Das Kapitel über die Bauprodukte wurde nach Inkrafttreten der revidierten rechtlichen Grundlagen in der Schweiz und der EU entsprechend angepasst. Das Bundesgesetz und die Verordnung über Bauprodukte sind in der Schweiz im Oktober 2014 in Kraft getreten und entsprechen der Verordnung (EU) Nr. 305/2011, die seit Juli 2013 vollständig anwendbar ist.
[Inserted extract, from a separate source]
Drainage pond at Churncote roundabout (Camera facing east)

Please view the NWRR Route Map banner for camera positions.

Schweizer Bauprodukte profitieren somit weiterhin von einem erleichterten Zugang zum EU-Markt, dank eines Zertifikats, dass die Konformität mit den gesetzlichen Grundlagen der beiden Vertragsparteien aufgrund der gleichwertigen Schweizer Gesetzgebung bescheinigt. Schweizer Konformitätsbewertungsstellen werden gemäss Abkommen von der EU anerkannt.
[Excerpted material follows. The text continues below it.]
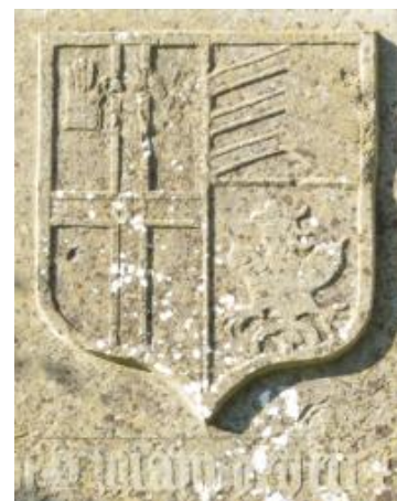
Detail from photo below

SPES MEA IN DEO EST ( my hope is in God ).

Ausserdem haben die Schweiz und die EU die Kapitel des MRA über die «Gute Laborpraxis» und die «Gute Herstellungspraxis» angepasst, die für verschiedene Kategorien von Chemikalien und Arzneimitteln gelten. Diese Bestimmungen reduzieren insbesondere den administrativen Aufwand für Schweizer Unternehmen, die auf dem europäischen Markt tätig sind.
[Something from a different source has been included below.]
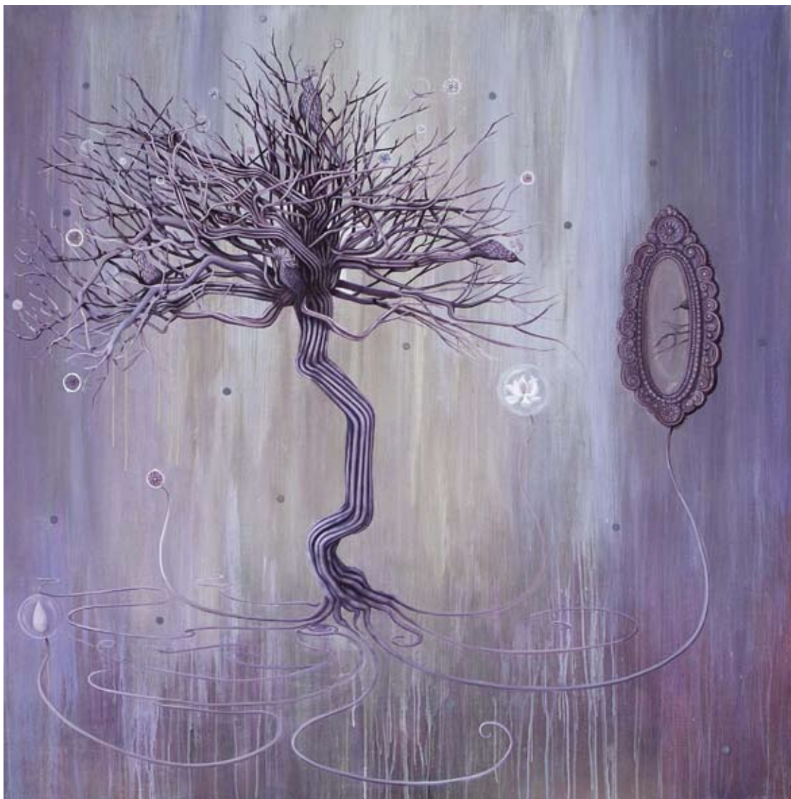
#01 Whispers Within acrylic, oil, metallic powders on belgian linen 168 x 168 cm

Das Abkommen über die gegenseitige Anerkennung von Konformitätsbewertungen zwischen der Schweiz und der EU wurde im Rahmen der Bilateralen I abgeschlossen und gewährleistet die gegenseitige Anerkennung von Konformitätsbewertungen für zahlreiche Industrieprodukte. In den 20 Kapiteln des Anhangs 1 wird festgehalten, auf welche Produktsektoren die gegenseitige Anerkennung Anwendung findet. Diese Sektoren entsprechen einem Exportvolumen von rund 32 Milliarden Franken. Das MRA trägt zur Beseitigung von Handelshemmnissen bei indem die gesetzlich vorgeschriebenen Konformitätsbewertungen nicht doppelt durchgeführt werden müssen, weil die Rechtsgrundlagen der Schweiz und der EU gegenseitig als gleichwertig anerkannt sind. Das Abkommen garantiert den Schweizer Produzenten somit einen erleichterten Zugang zum EU-Markt und gleichzeitig eine bessere Wettbewerbsfähigkeit.

Der genannte Beschluss liegt in englischer Sprache vor und wird in den Landessprachen veröffentlicht, sobald die Vertragsparteien die Übersetzungen abgeschlossen haben.